Instantly Mr Max Henchell's patriotic ambition was fired. Mr Lennard had mentioned that Tom Bowcock, Lennard's general manager, had proposed to christen the great gun the "Bolton Baby." He had spent that night in calculations of differences of latitude and longitude, time, angles of inclination of the axis of the orbit, points and times of orbital intersection worked out from the horizon of Pittsburg, and when he had finished he solemnly asked himself the momentous question: Why should this world-saving business be left to England alone? After all the "Bolton Baby" might miss fire by a second or two. If it was going to be a matter of comet-shooting, what had America done that she could not have a gun? Were there not hundreds of eligible shafts to be bought round Pittsburg? Yes, America should have that gun, if the last dollar he possessed or could raise by fair means or foul was to be thrown down the bore of it.
And so America had the gun, and therefore in after days the rival of the "Bolton Baby" came to be called the "Pittsburg Prattler."
CHAPTER XXXI
JOHN CASTELLAN'S THREAT
Lennard's first feelings after the receipt of Mr Parmenter's cablegram, and the casting of the vast mass of metal which was to form the body of the great cannon, were those of doubt and hesitation, mingled, possibly, with that sense of semi-irresponsibility which will for a time overcome the most highly-disciplined mind when some great task has been completed for the time being.
For a full month nothing could be done to the cannon, since it would take quite that time for the metal to cool. Everything else had been done or made ready. The huge projectile which was to wing its way into Space to do battle for the life of humanity was completed. The boring and rifling tools were finished, and all the materials for the driving and the bursting charges were ready at hand for putting into their final form when the work of loading up began. There was literally nothing more to be done. All that human labour, skill and foresight could achieve for the present had been accomplished.

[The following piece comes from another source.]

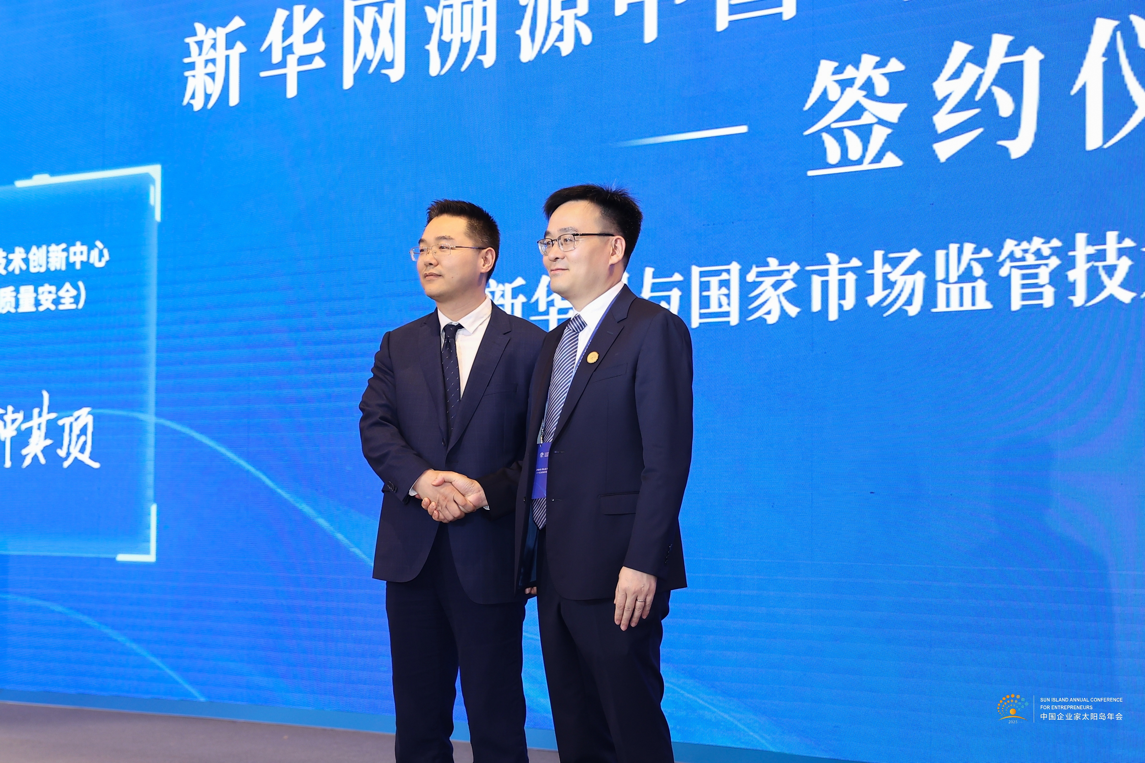 新华网溯源中国种子计划生态合作伙伴签约仪式环节,新华网与国家市场监管技术创新中心合作签约。新华网物联网运营总监兼溯源中国负责人王翔,国家市场监管技术创新中心轻工消费品质量安全执行主任、中国食品科学技术学会食品真实性与溯源分会秘书长钟其顶现场签署合作协议,并合影留念。双方合作,将为食品真实性认证产品提供可信溯源服务,让消费者买得放心,吃得安心。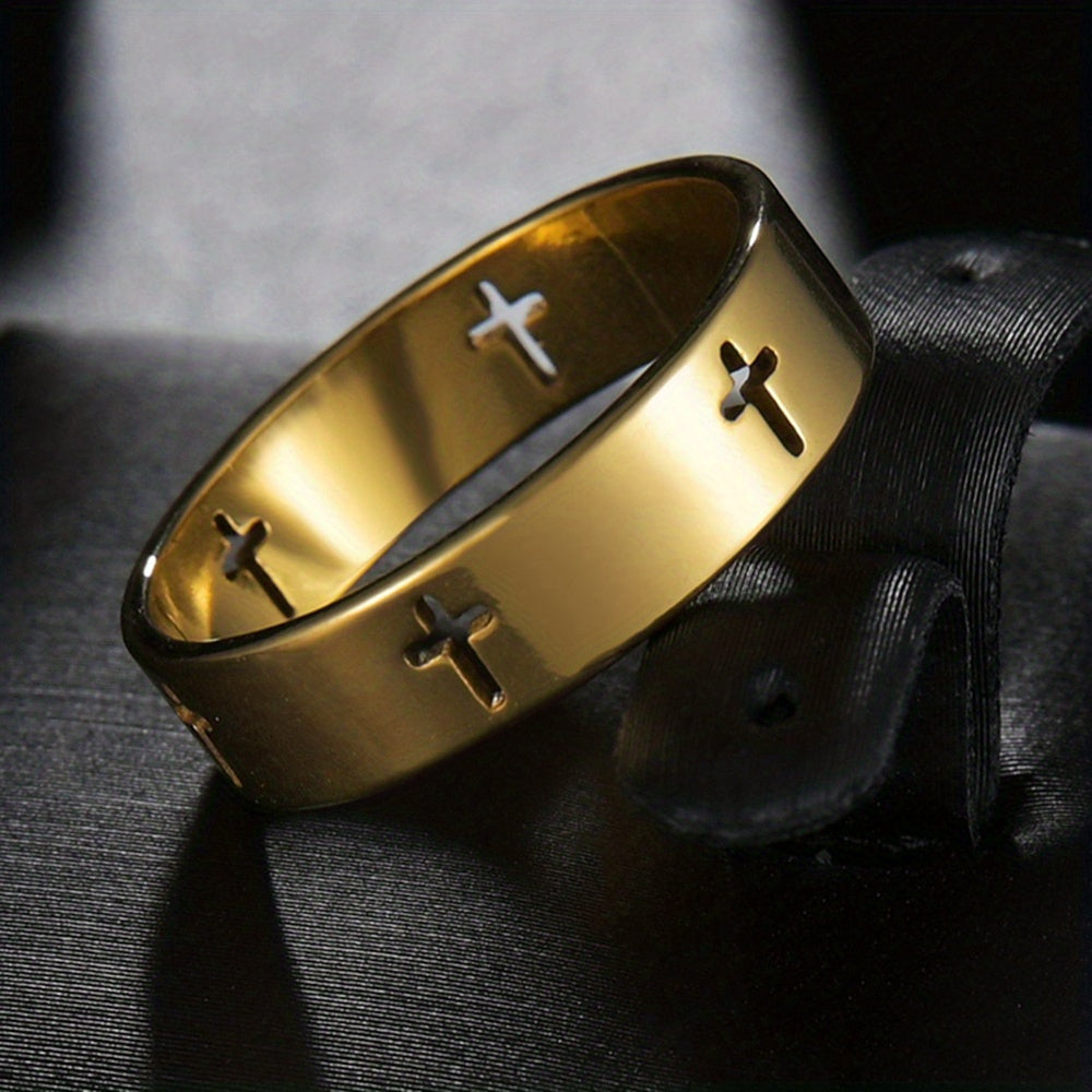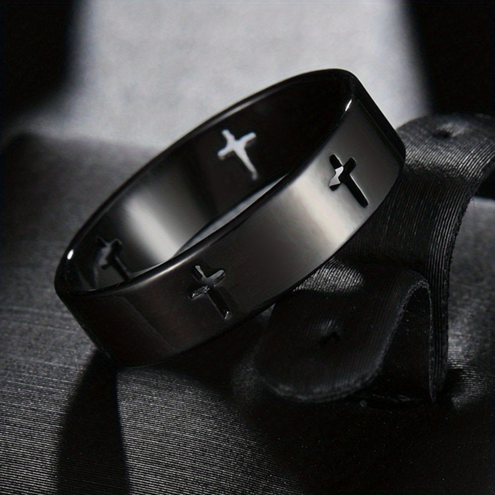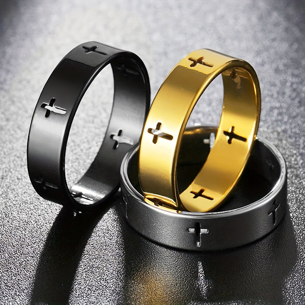 A stylish and durable stainless steel ring featuring a hollow cross design, perfect for men who appreciate modern fashion.

Dearly would he have loved to go south and join the ranks of the fighters; but a higher sense of duty than personal courage forbade that. He was the only man who could perform the task he had undertaken, and a chance bullet fragment of a shell to say nothing of the hundred minor chances of the battlefield, might make the doing of that work impossible.
No, his time would come in the awful moment when the fate of humanity would hang in the balance, and his place alike of honour and of duty was now in the equatorial room of the observatory at Whernside, watching through every waking hour of his life the movements of the Invader, that he might note the slightest deviation from its course, or the most trifling change in its velocity. For on such seemingly small matters as these depended, not only the fate of the world, but of the only woman who could make the world at least worth living in for him—and so he went to Whernside by the morning train after a long day's talk with Tom Bowcock over things in general.